S5: user obtains analysis result information by observation Fig. 3, accordingly adjusts the content of courses for the knowledge point in frame.
The above, only specific embodiments of the present invention, but scope of protection of the present invention is not limited thereto, it is any ripe
The technical staff of art technology is known in technical scope disclosed by the invention, any changes or substitutions that can be easily thought of, should all contain
Lid is within protection scope of the present invention.Protection scope of the present invention is subject to the scope of protection of the claims.
Claims (5)
1. a kind of suitable analysis method for measuring adaptive students ' learning performance, which comprises the steps of:
S1: student login Adaptable System carries out answer to teaching exercise, the answer data are automatically stored in logging modle (3);
S2: user input screening index, according to the screening index to the answer data stored in logging modle (3) carry out screening and
Label forms garbled data;
S3: user inputs analysis indexes, analysis module (6) reads garbled data, carries out analytical calculation to garbled data, and exports
Analyze result;
S5: user reads analysis as a result, adjusting the content of courses according to the analysis result.
2. being suitble to measure the analysis method of adaptive students ' learning performance as described in claim 1, it is characterised in that: the step
It further include step S4 between S3 and S5, the step S4 are as follows: generated according to analysis result for indicating by visualization model (7)

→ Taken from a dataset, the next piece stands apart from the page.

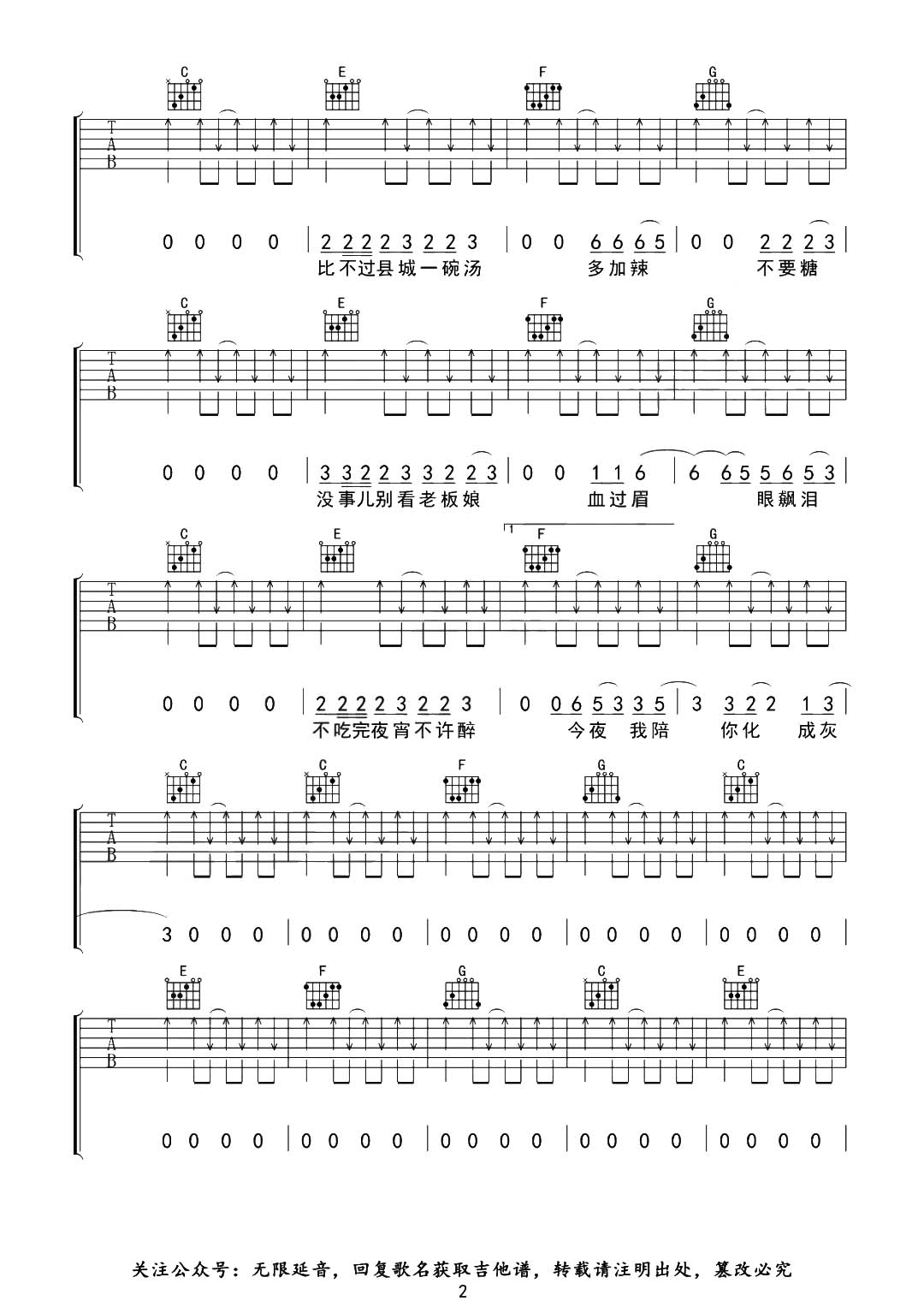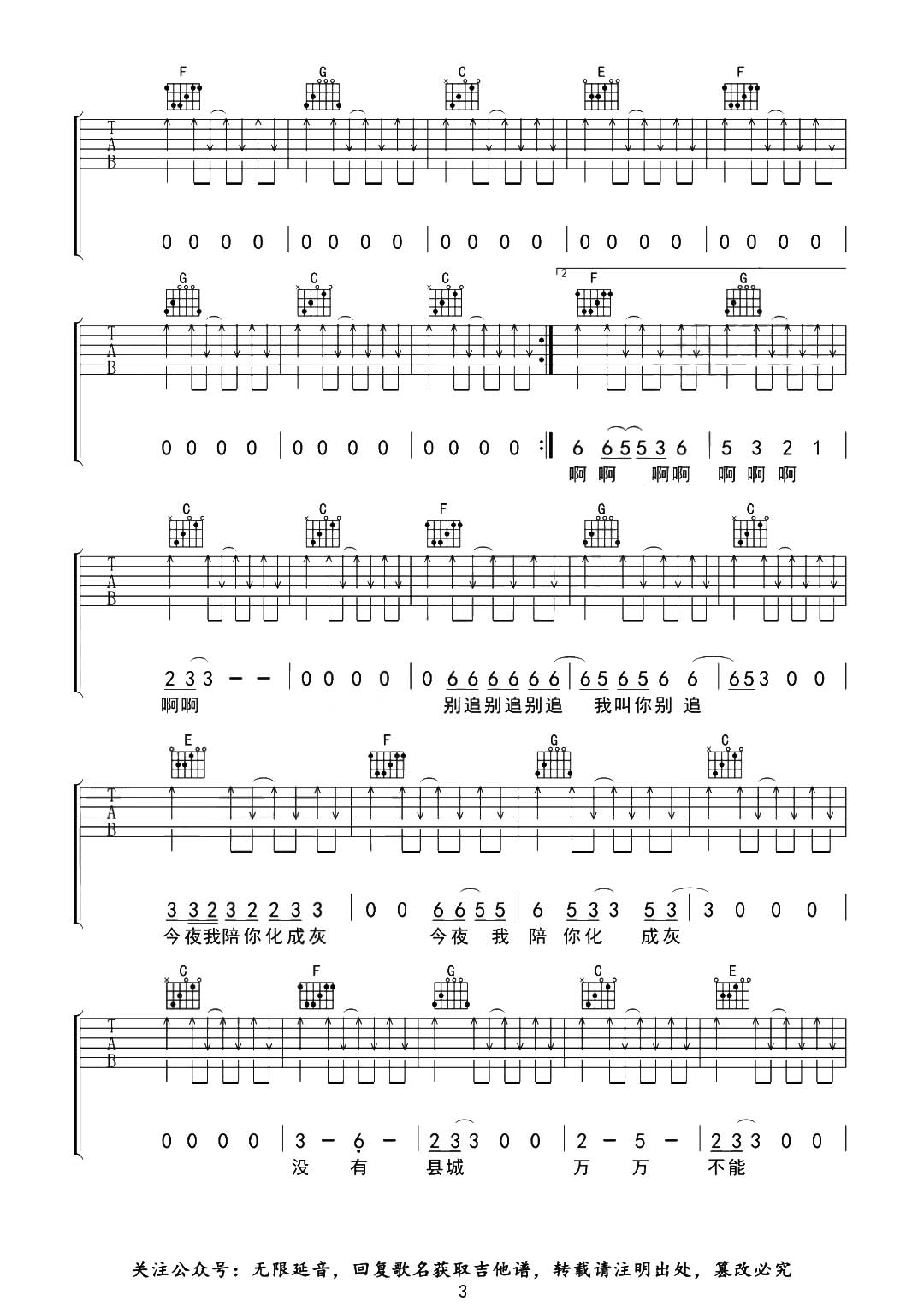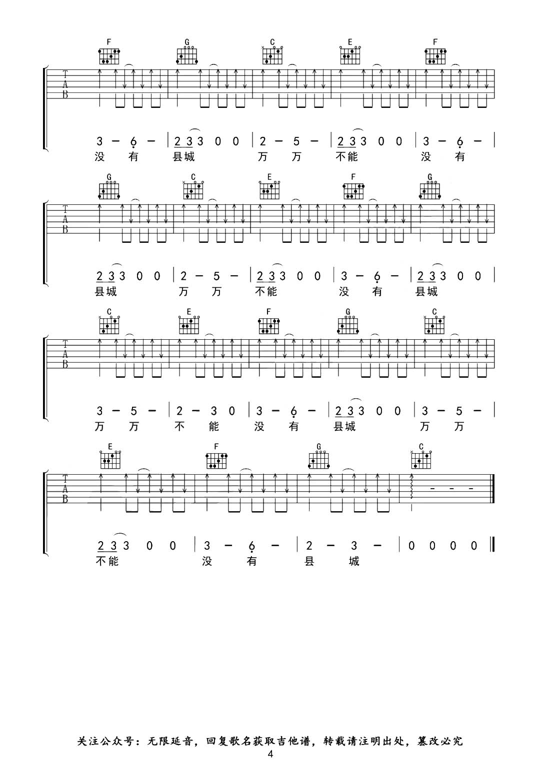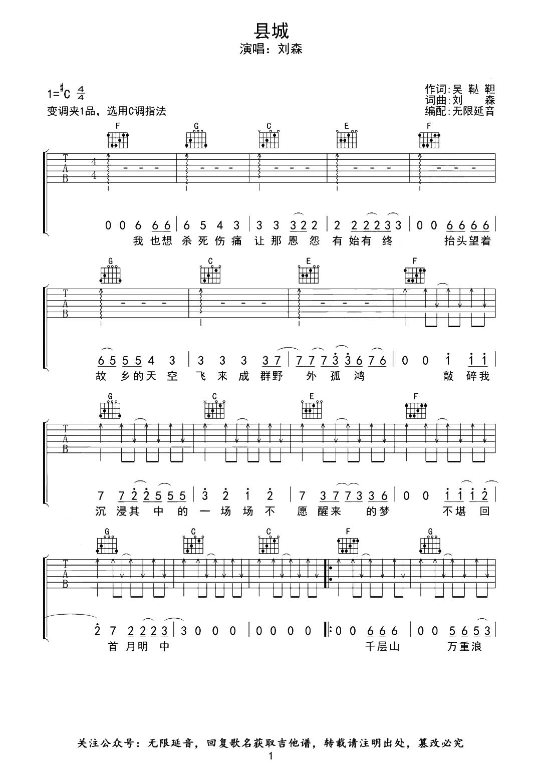 曲谱介绍: 《县城》由无限延音制谱,总共4张高清图片谱,原调#C,选用C调指法,变调夹夹1品弹唱原调。

Analyze the visual image of result.
3. being suitble to measure the analysis method of adaptive students ' learning performance as described in claim 1, it is characterised in that: the step
Screening index uses student information in S2.
4. being suitble to measure the analysis method of adaptive students ' learning performance as described in claim 1, which is characterized in that step S3 packet
Include following steps:
S31: defined analysis index: single student occurs connecting to 3 topics or connects wrong 3 entitled exceptions in single teaching exercise;
S32: according to meeting analysis indexes defined in S31, all garbled datas be marked: label 0 be it is without exception, mark
It is denoted as 0, it is abnormal then be labeled as 1, obtain flag data;
S33: counting flag data obtained by S32, obtains the corresponding course of flag data labeled as 1, class, knowledge point
And calculating is labeled as 1 flag data proportion.
5. being suitble to measure the analysis method of adaptive students ' learning performance as described in claim 1, it is characterised in that: in step S3
The analysis indexes are counted using the map knowledge point of leading test phase, algorithm foundation map relevance speculates that (student is not necessarily to
Inscribe) weakness/grasp knowledge point count, by do topic judge weakness/grasp knowledge point count, the study stage grasp know
Know that point, which is counted, the sum of counted by doing the knowledge point that topic or algorithm speculative arbitration are grasped, study level-learning is not grasped knows
Know point count, study stage ability value promotion/decline knowledge point count, first survey/the study stage grasp knowledge points divided by elder generation
Mapping composes any one of knowledge points.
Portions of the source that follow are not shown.